▸ Instructions to follow: If a record contains a picture, drop the picture and copy everything else exactly.

+ + + + + + +

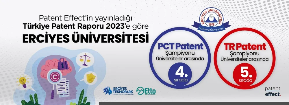 PatentEffect tarafından 'Türkiye'nin Patent Raporu 2023’ verileri açıklandı. Açıklanan verilere göre, Türkiye (TR) Patent Tescil Şampiyonu Üniversiteleri sıralamasında Erciyes Üniversitesi (ERÜ) 4. sırada yer aldı.
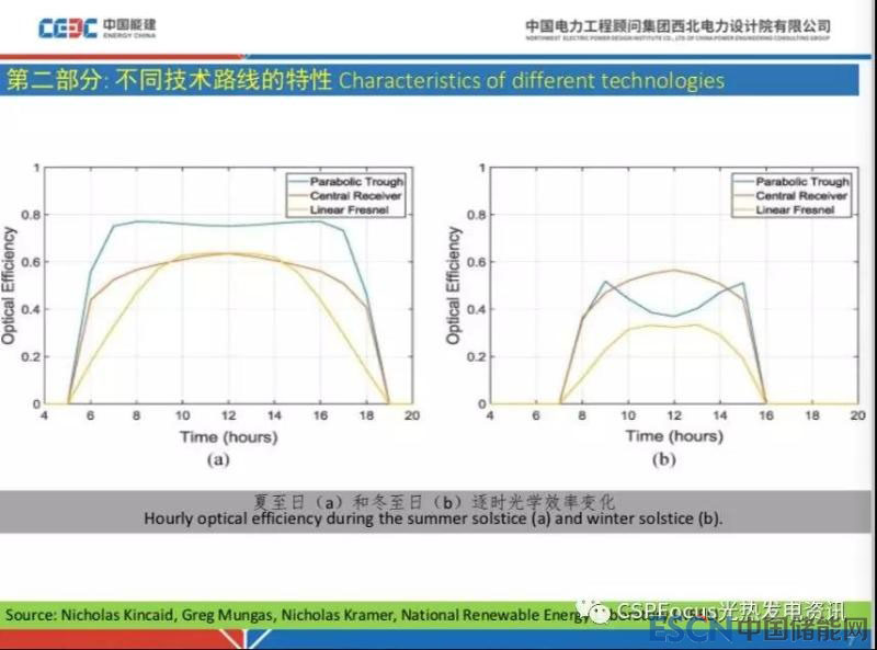 首先,上一組圖橫坐標是某一天時刻數(shù),縱坐標是不同技術路線光學效率,左邊的圖是夏至日曲線,右邊的圖是冬至日曲線,藍色是槽式,中間橙色是塔式,黃色是菲涅爾。這組曲線地理位置在北緯36度,跟西安差不多的地方,夏季槽式電站光到熱是很關鍵的步驟,由圖可見,槽式具有比較明顯的更為優(yōu)越的光學效率,相應的塔式電站低一些,菲涅爾一天當中隨著時間推移效率變化是比較明顯的,就是表現(xiàn)為曲線的峰在時間維度比較窄,不像槽式和塔式很快可以達到較高效率,且能維持在較高效率環(huán)節(jié)較長時間。
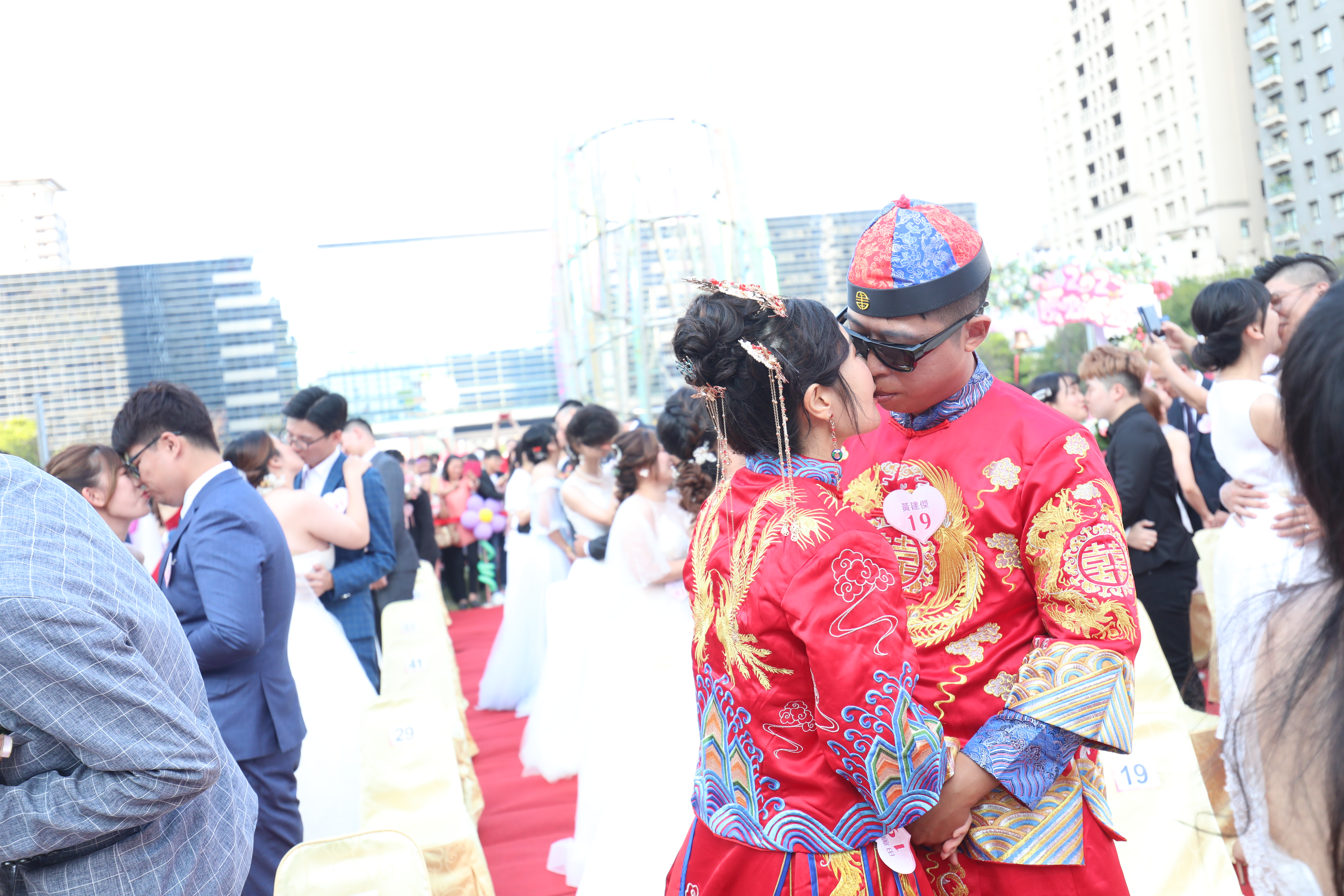 民政局說明,今日聯合婚禮99對新人之中不乏相識淵源特殊的佳偶,新人黃建傑與田蕙嘉、張維哲和謝子涵都因市府舉行的單身聯誼而相戀,今日又在市府見證之下完成終身大事;新人劉俊宏為台中市後備指揮部中士,與伴侶廖昱恩都是軍職身分,兩人今天以軍服取代婚紗西裝,在人群中十分亮眼。而劉耀文、劉懷汝兄妹,因父母在29年前參與集團結婚的經驗,分別與另一半報名參加,覺得可以在地方首長的證婚及中眾人祝福下完成終身大事極具意義。
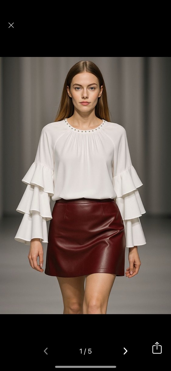 Beyaz bluz, uzun katlı fırfır kollara ve yuvarlak yaka ile bol kesime sahiptir, modern ofis tarzı için uygundur. ✨ s m. beden uygundur
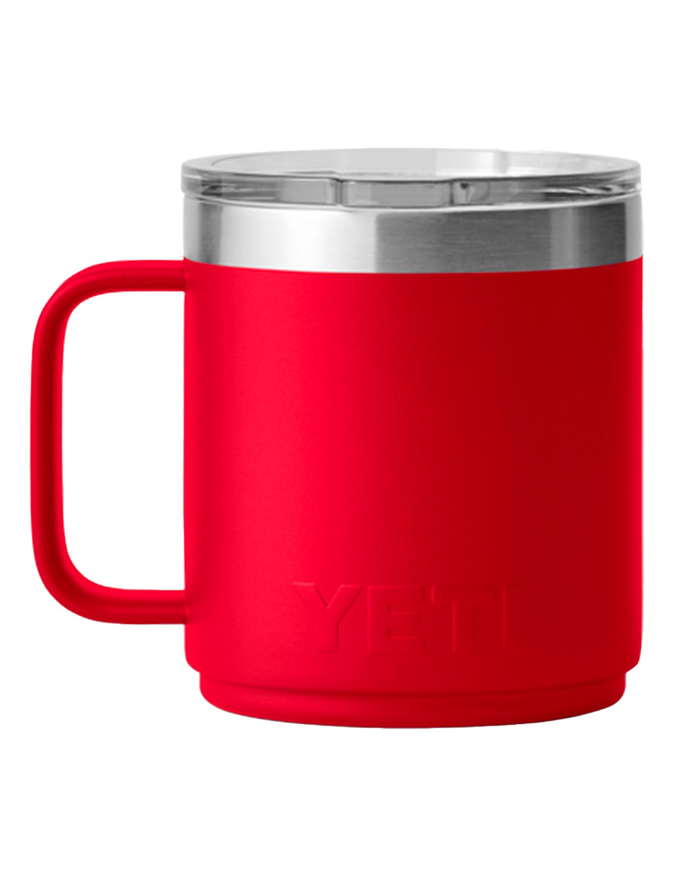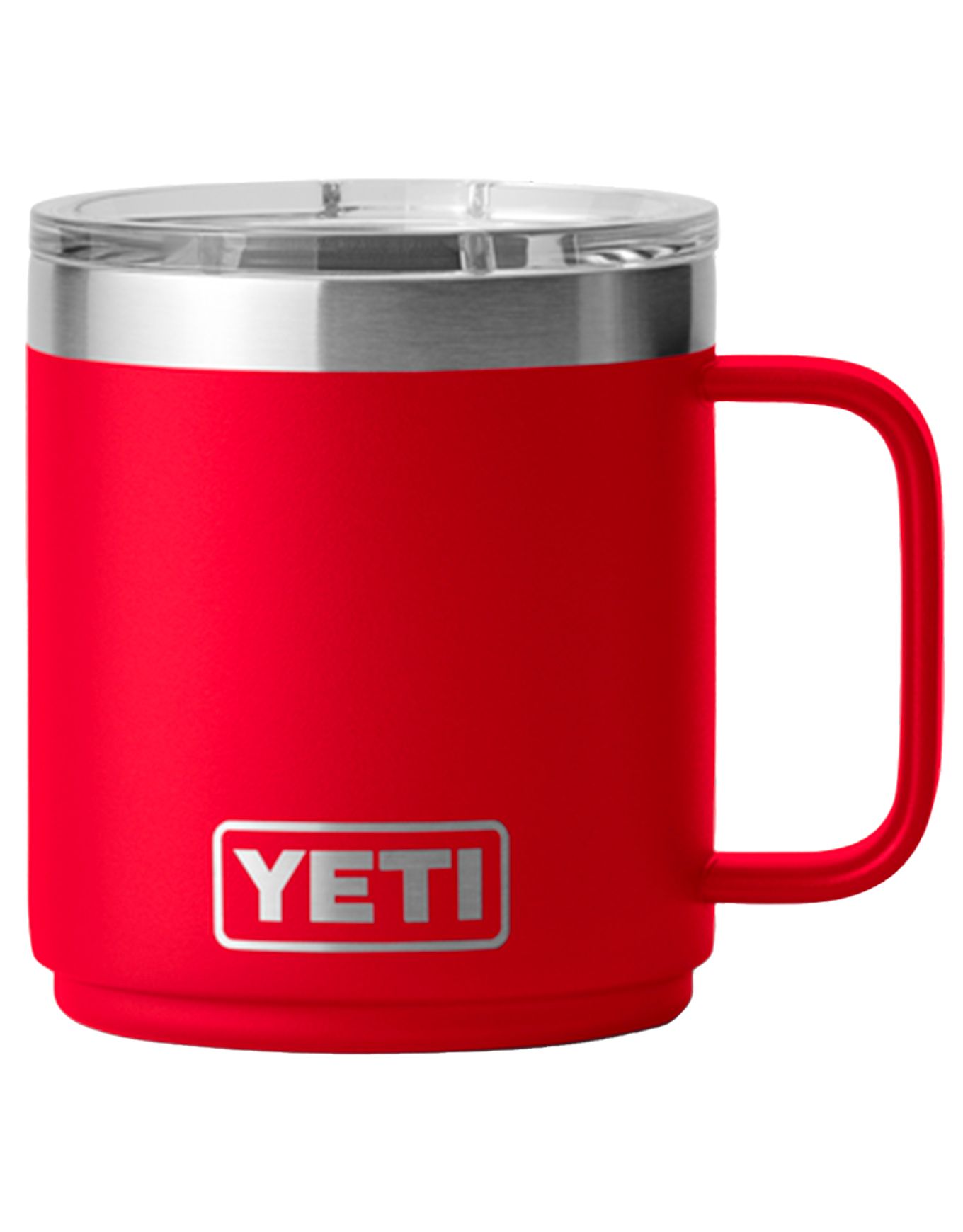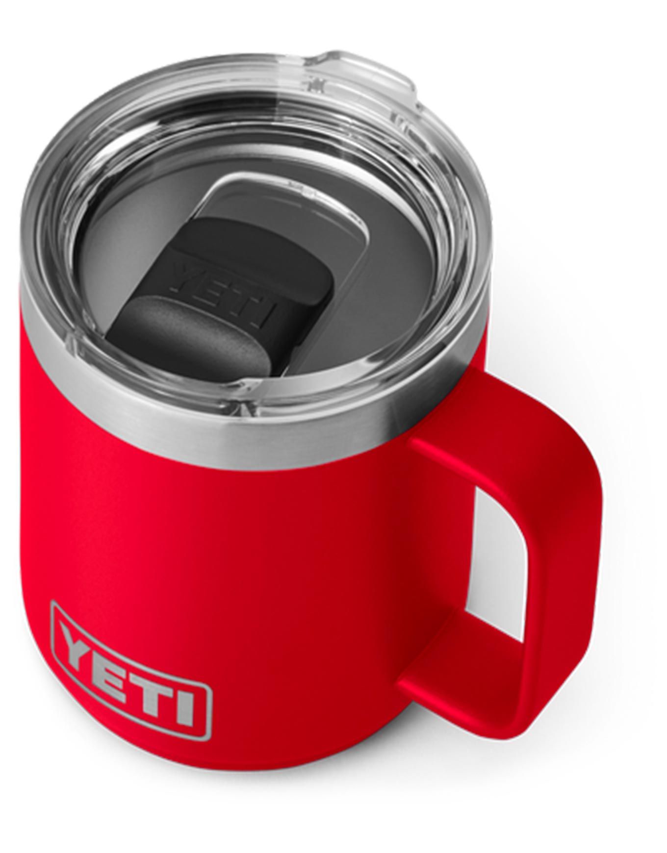 La tasse isotherme Yeti Rambler 10 oz Mug Rescued Red en acier inoxydable maintient boissons chaudes ou froides des heures grâce à son isolation double paroi sous vide ; anse confortable et couvercle MagSlider™ aimanté.

+ + + + + + +

▸ Exercise output:
 PatentEffect tarafından 'Türkiye'nin Patent Raporu 2023’ verileri açıklandı. Açıklanan verilere göre, Türkiye (TR) Patent Tescil Şampiyonu Üniversiteleri sıralamasında Erciyes Üniversitesi (ERÜ) 4. sırada yer aldı.
 首先,上一組圖橫坐標是某一天時刻數(shù),縱坐標是不同技術路線光學效率,左邊的圖是夏至日曲線,右邊的圖是冬至日曲線,藍色是槽式,中間橙色是塔式,黃色是菲涅爾。這組曲線地理位置在北緯36度,跟西安差不多的地方,夏季槽式電站光到熱是很關鍵的步驟,由圖可見,槽式具有比較明顯的更為優(yōu)越的光學效率,相應的塔式電站低一些,菲涅爾一天當中隨著時間推移效率變化是比較明顯的,就是表現(xiàn)為曲線的峰在時間維度比較窄,不像槽式和塔式很快可以達到較高效率,且能維持在較高效率環(huán)節(jié)較長時間。
 民政局說明,今日聯合婚禮99對新人之中不乏相識淵源特殊的佳偶,新人黃建傑與田蕙嘉、張維哲和謝子涵都因市府舉行的單身聯誼而相戀,今日又在市府見證之下完成終身大事;新人劉俊宏為台中市後備指揮部中士,與伴侶廖昱恩都是軍職身分,兩人今天以軍服取代婚紗西裝,在人群中十分亮眼。而劉耀文、劉懷汝兄妹,因父母在29年前參與集團結婚的經驗,分別與另一半報名參加,覺得可以在地方首長的證婚及中眾人祝福下完成終身大事極具意義。
 Beyaz bluz, uzun katlı fırfır kollara ve yuvarlak yaka ile bol kesime sahiptir, modern ofis tarzı için uygundur. ✨ s m. beden uygundur
 La tasse isotherme Yeti Rambler 10 oz Mug Rescued Red en acier inoxydable maintient boissons chaudes ou froides des heures grâce à son isolation double paroi sous vide ; anse confortable et couvercle MagSlider™ aimanté.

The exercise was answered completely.